#### YOUR OBJECTIVE:
Starting at the line that contains "本期3d试机号胆码计算器给出" and ending at the line that contains "考虑到地图一前期小怪波次太长", the lines below are to be given again exactly, with nothing added.

#### MATERIAL FOR THIS TASK:
════════════════

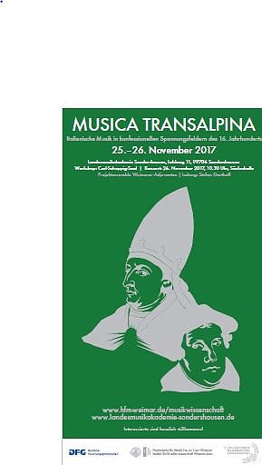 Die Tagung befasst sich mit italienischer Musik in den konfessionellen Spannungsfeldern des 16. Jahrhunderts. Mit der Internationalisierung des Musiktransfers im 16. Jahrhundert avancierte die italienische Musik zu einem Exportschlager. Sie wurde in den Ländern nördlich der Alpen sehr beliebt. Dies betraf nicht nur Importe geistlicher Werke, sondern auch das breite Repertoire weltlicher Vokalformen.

════════════════

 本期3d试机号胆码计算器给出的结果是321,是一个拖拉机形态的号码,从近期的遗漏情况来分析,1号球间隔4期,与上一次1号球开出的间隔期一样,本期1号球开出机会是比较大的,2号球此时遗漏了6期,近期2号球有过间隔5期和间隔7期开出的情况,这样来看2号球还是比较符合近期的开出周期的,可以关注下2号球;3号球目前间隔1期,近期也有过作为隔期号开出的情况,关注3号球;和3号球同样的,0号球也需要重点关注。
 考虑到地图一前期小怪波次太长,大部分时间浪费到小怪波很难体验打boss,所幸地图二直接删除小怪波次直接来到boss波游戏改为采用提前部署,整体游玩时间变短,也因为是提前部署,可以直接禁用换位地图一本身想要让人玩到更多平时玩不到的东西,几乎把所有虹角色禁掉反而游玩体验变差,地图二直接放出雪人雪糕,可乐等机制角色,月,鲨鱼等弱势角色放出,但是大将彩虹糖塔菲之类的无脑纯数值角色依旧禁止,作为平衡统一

════════════════

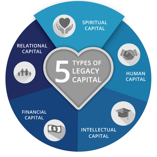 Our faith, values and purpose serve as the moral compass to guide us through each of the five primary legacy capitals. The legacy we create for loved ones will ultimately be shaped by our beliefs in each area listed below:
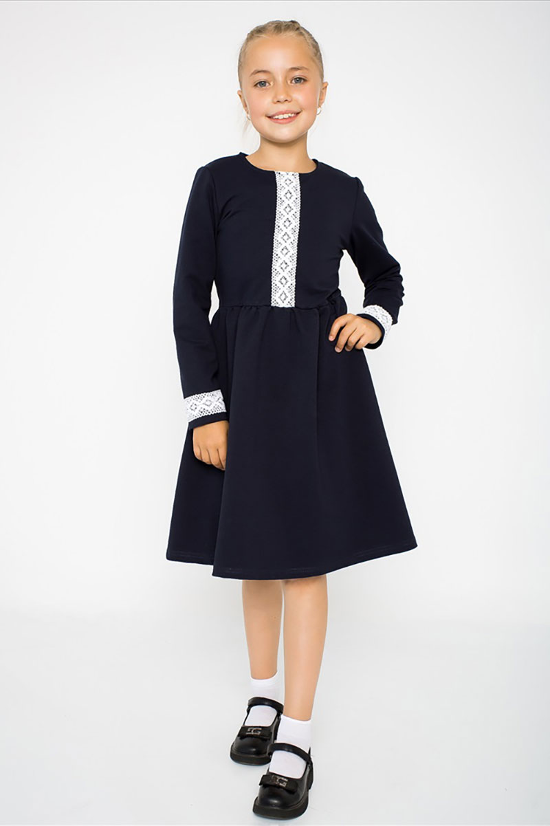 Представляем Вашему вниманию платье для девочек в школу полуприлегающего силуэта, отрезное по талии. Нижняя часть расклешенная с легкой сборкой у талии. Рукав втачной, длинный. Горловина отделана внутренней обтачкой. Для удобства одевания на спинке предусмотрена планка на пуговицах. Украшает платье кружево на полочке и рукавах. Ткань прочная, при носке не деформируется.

════════════════

#### ANSWER TO THE EXERCISE:
 本期3d试机号胆码计算器给出的结果是321,是一个拖拉机形态的号码,从近期的遗漏情况来分析,1号球间隔4期,与上一次1号球开出的间隔期一样,本期1号球开出机会是比较大的,2号球此时遗漏了6期,近期2号球有过间隔5期和间隔7期开出的情况,这样来看2号球还是比较符合近期的开出周期的,可以关注下2号球;3号球目前间隔1期,近期也有过作为隔期号开出的情况,关注3号球;和3号球同样的,0号球也需要重点关注。
 考虑到地图一前期小怪波次太长,大部分时间浪费到小怪波很难体验打boss,所幸地图二直接删除小怪波次直接来到boss波游戏改为采用提前部署,整体游玩时间变短,也因为是提前部署,可以直接禁用换位地图一本身想要让人玩到更多平时玩不到的东西,几乎把所有虹角色禁掉反而游玩体验变差,地图二直接放出雪人雪糕,可乐等机制角色,月,鲨鱼等弱势角色放出,但是大将彩虹糖塔菲之类的无脑纯数值角色依旧禁止,作为平衡统一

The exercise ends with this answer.